= EXERCISE INSTRUCTIONS =
Quote from the first line below through the line that contains "女童毛衣冬季加厚加绒2025新款水貂绒儿童针织内搭女孩洋气中大童", both included, and leave the pictures out.

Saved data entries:

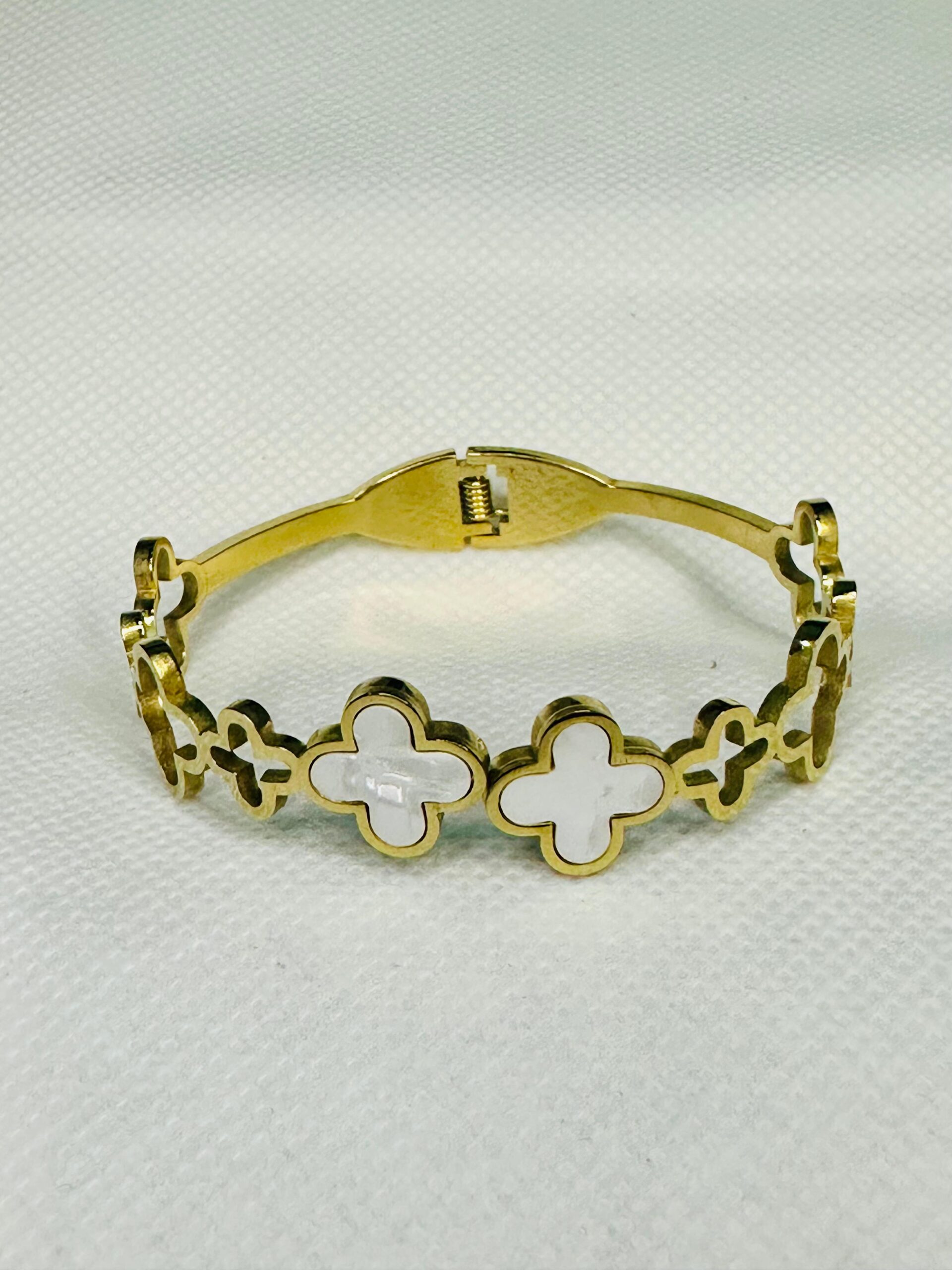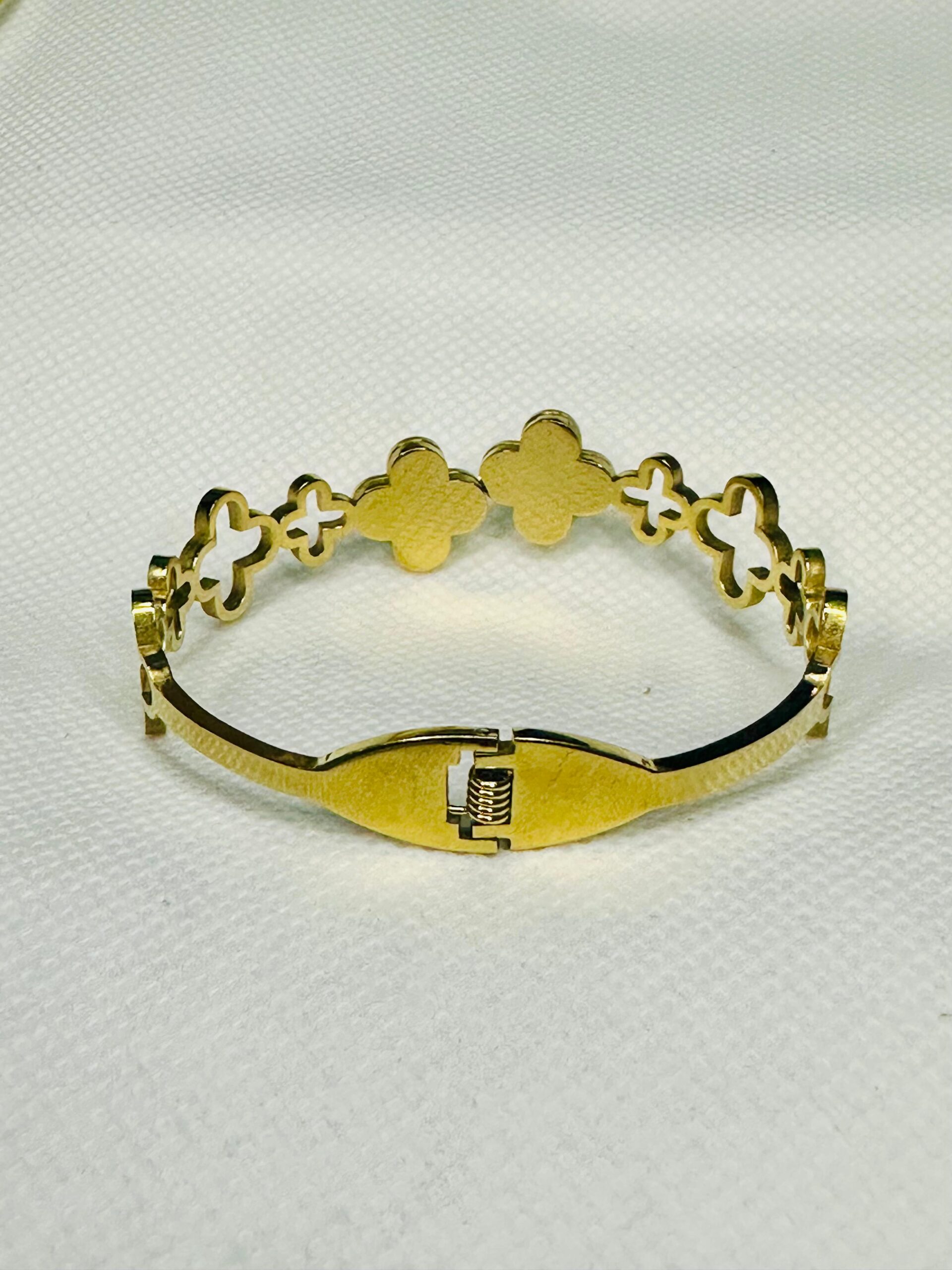Be the first to review “Cross-Border Gold Stainless Steel Four-Leaf Clover Hollow Design Bracelet Niche Simple Luxurious Fashion Bangle No Fade” Cancel reply
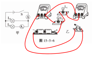 9. 根据图 15-5-6 甲所示的电路图,在图 15-5-6 乙中的实物图上用笔画出连线。
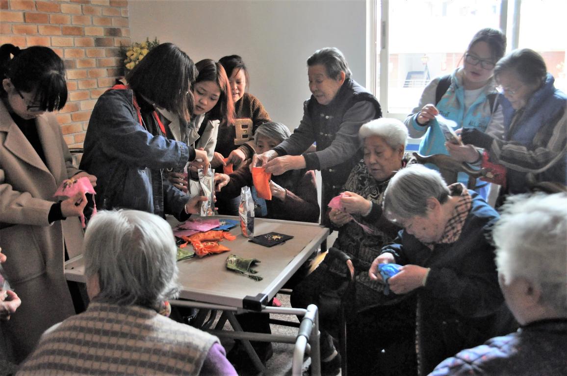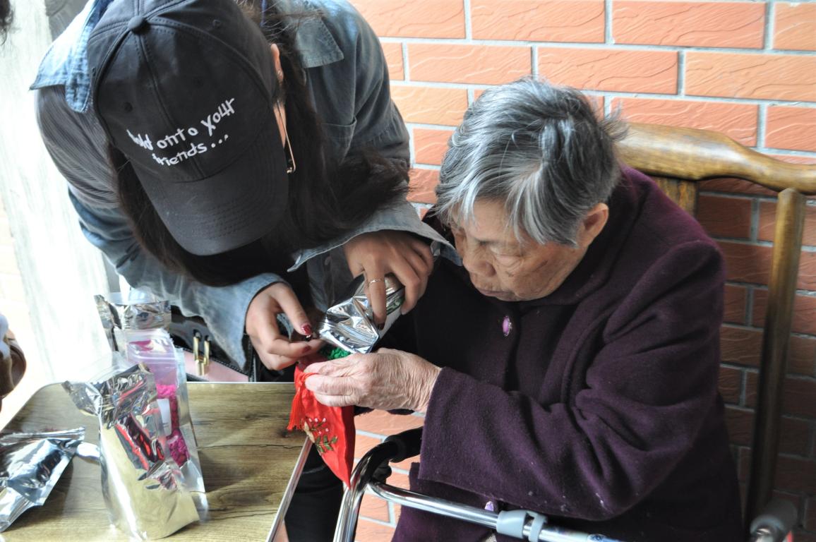 3月25日,美院“艺家人”青年志愿者协会的志愿者们来到了名盛老人公寓,与老人们共度温馨周末。 志愿者们早早地就准时来到了集合地点,在经历了40分钟的路程后到达了目的地。上午和老人们一起在餐厅做香囊,与老人们一起将薄荷叶、白芷等等有助于安神睡眠的材料放进香囊里,对于不方便活动的老人志愿者们便在在房间中与老人一起制作,气氛和乐融融。到了下午的时候,我们还帮助敬老院的护工们一起刨番薯皮切番薯,拔草除草,拖地打扫和洗碗。同行的志愿者里有三四个人会说温州话,他们将其他志愿者们的话转述成温州话给老人们听,虽然语言上沟通稍微有些障碍但丝毫不影响志愿者与老人们之间的交流。 让老人们讲述他们自己的事迹,聆听他们那个时代的精彩故事,对于志愿者们来说是十分受益的,既可以了解时代留下的印记,又可以让老人们的心事有所表达,可能老人同样的一句话会重复好几遍,但是我们需要理解他们,需要在每次聆听的时候,用更多的耐心与包容去关怀他们。
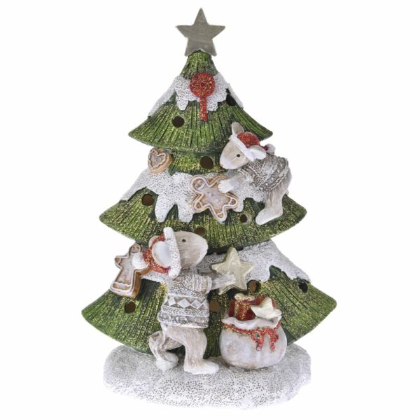 Κατασκευασμένο από πολυρεζίνη, είναι ανθεκτικό και κατάλληλο για επαναλαμβανόμενη χρήση. Τα λεπτομερή ποντικάκια που περιβάλλουν το δενδράκι δίνουν ζωντάνια και χαρούμενη διάθεση στον χώρο, ιδανικό για χριστουγεννιάτικη διακόσμηση ή ως πρωτότυπο δώρο.
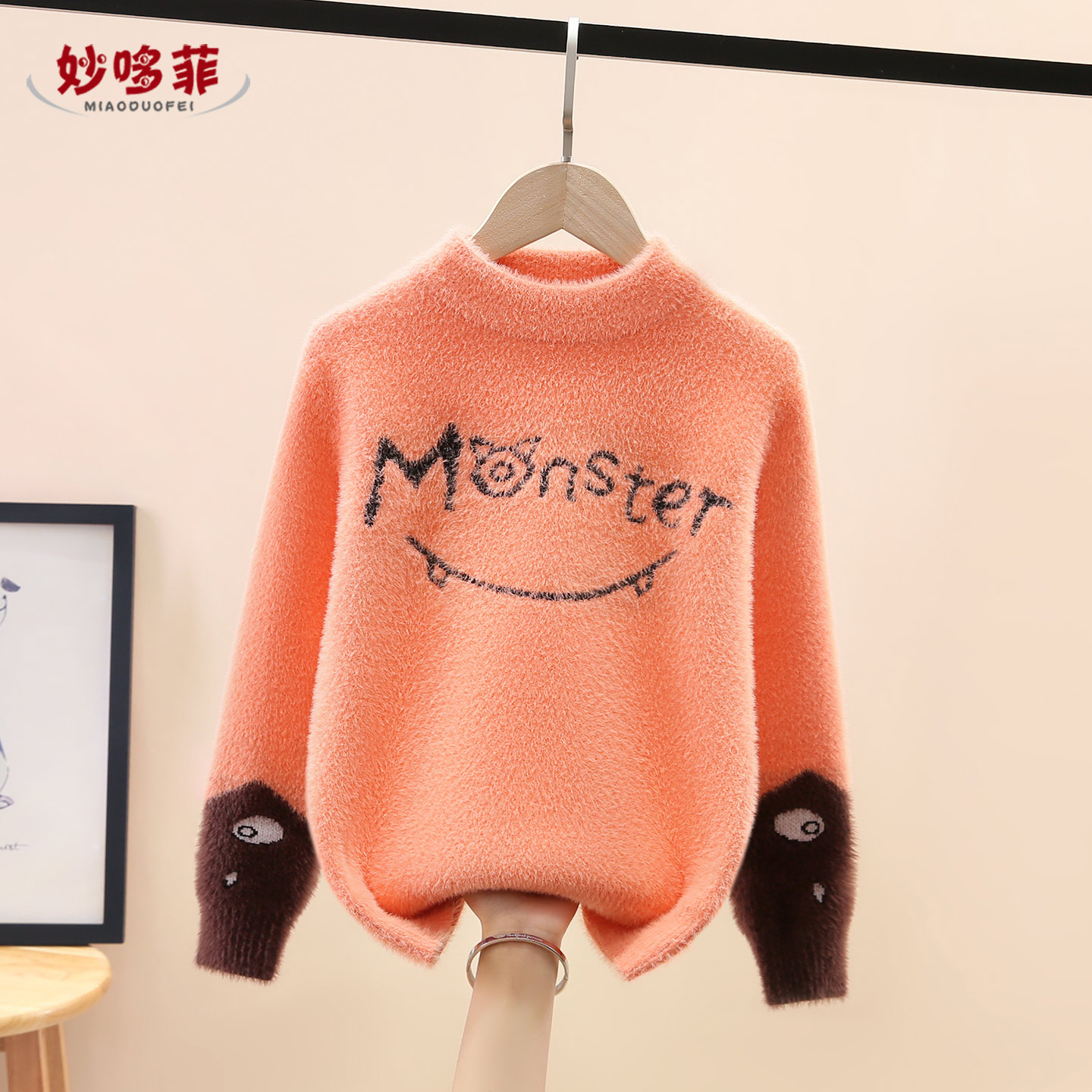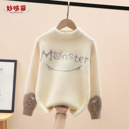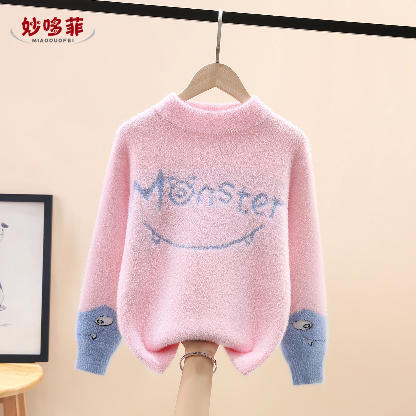 女童毛衣冬季加厚加绒2025新款水貂绒儿童针织内搭女孩洋气中大童
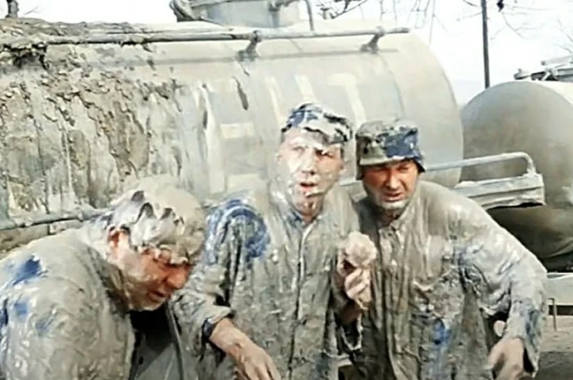 Вот только Савелий Крамаров испугался, поэтому он наотрез отказался лезть внутри цистерны. Поэтому сцену отсняли без него. И если вы обратите внимание, то из цистерны вылезают только Леонов и Вицин, после чего кадр меняется, показывая нам верблюда. После этого мы видим уже троих измазанных героев.
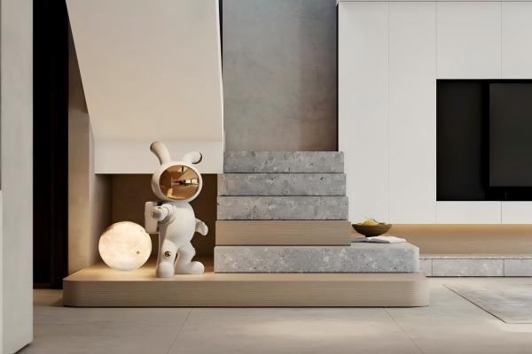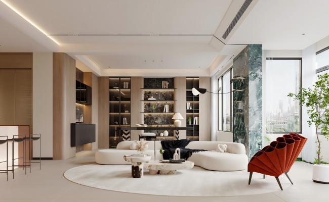 情緒轉場,引景入室。拆除原始封閉隔墻,通過結構與柱體內退,解構形成一個開合的半開敞式空間,內置懸浮地臺與軟膜燈光,將自然景觀的意境與現代幾何穿插,形成“進門即劇場”的內退式開場,虛實之間一步一景。 燈光與體塊形成的光影變幻,推門而入,一場視覺的“暗夜序曲”悄然展開。玄關墻面以啞光微水泥鋪陳,肌理粗糲中透出細膩,搭配線性燈帶從入戶延伸至客廳,整個通道運用了燈光的鋪陳渲染了氛圍
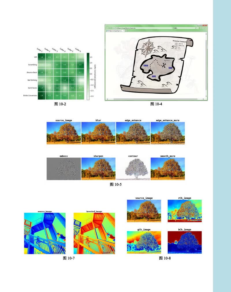 第4篇:探索(第10 ~ 13章)。主要讲解从外部导入图像加载到绘图区域的实现方法,绘制3D图形和地图的方法,以及结合前面章节介绍的应用方向,讲解综合交叉的应用场景。
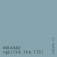 Цвет #86A4AD в цветовой модели RGB обозначается тремя октетами (134, 164, 173) в десятичном формате и #86A4AD в шестнадцатиричном (hex) формате, которые являются интенсивностью красного 134 (hex 86), интенсивность зелёного 164 (hex A4) и интенсивность синего 173 (hex AD).
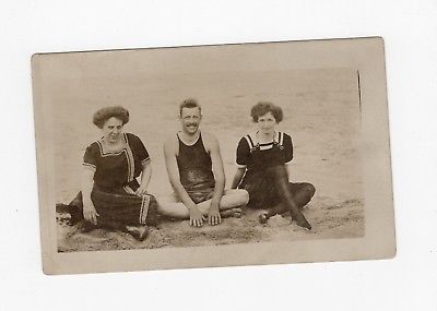 Title (ebay affiliate link): RPPC Man and Two Women in Vintage Bathing Suits on the Beach York Harbor Maine
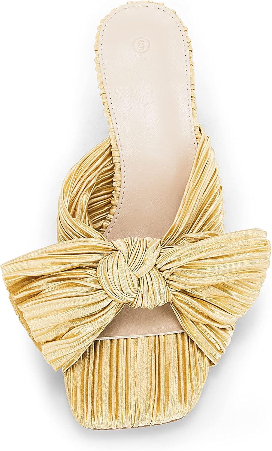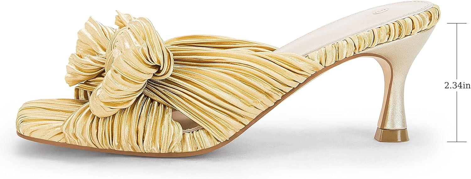 Coutgo Womens Bow Heeled Sandals Pleated Bowknot Heels Open Square Toe Cute Kitten Heel Mules Slip On Wedding Dress Shoes(Gold)

= TASK SOLUTION =
Be the first to review “Cross-Border Gold Stainless Steel Four-Leaf Clover Hollow Design Bracelet Niche Simple Luxurious Fashion Bangle No Fade” Cancel reply
 9. 根据图 15-5-6 甲所示的电路图,在图 15-5-6 乙中的实物图上用笔画出连线。
 3月25日,美院“艺家人”青年志愿者协会的志愿者们来到了名盛老人公寓,与老人们共度温馨周末。 志愿者们早早地就准时来到了集合地点,在经历了40分钟的路程后到达了目的地。上午和老人们一起在餐厅做香囊,与老人们一起将薄荷叶、白芷等等有助于安神睡眠的材料放进香囊里,对于不方便活动的老人志愿者们便在在房间中与老人一起制作,气氛和乐融融。到了下午的时候,我们还帮助敬老院的护工们一起刨番薯皮切番薯,拔草除草,拖地打扫和洗碗。同行的志愿者里有三四个人会说温州话,他们将其他志愿者们的话转述成温州话给老人们听,虽然语言上沟通稍微有些障碍但丝毫不影响志愿者与老人们之间的交流。 让老人们讲述他们自己的事迹,聆听他们那个时代的精彩故事,对于志愿者们来说是十分受益的,既可以了解时代留下的印记,又可以让老人们的心事有所表达,可能老人同样的一句话会重复好几遍,但是我们需要理解他们,需要在每次聆听的时候,用更多的耐心与包容去关怀他们。
 Κατασκευασμένο από πολυρεζίνη, είναι ανθεκτικό και κατάλληλο για επαναλαμβανόμενη χρήση. Τα λεπτομερή ποντικάκια που περιβάλλουν το δενδράκι δίνουν ζωντάνια και χαρούμενη διάθεση στον χώρο, ιδανικό για χριστουγεννιάτικη διακόσμηση ή ως πρωτότυπο δώρο.
 女童毛衣冬季加厚加绒2025新款水貂绒儿童针织内搭女孩洋气中大童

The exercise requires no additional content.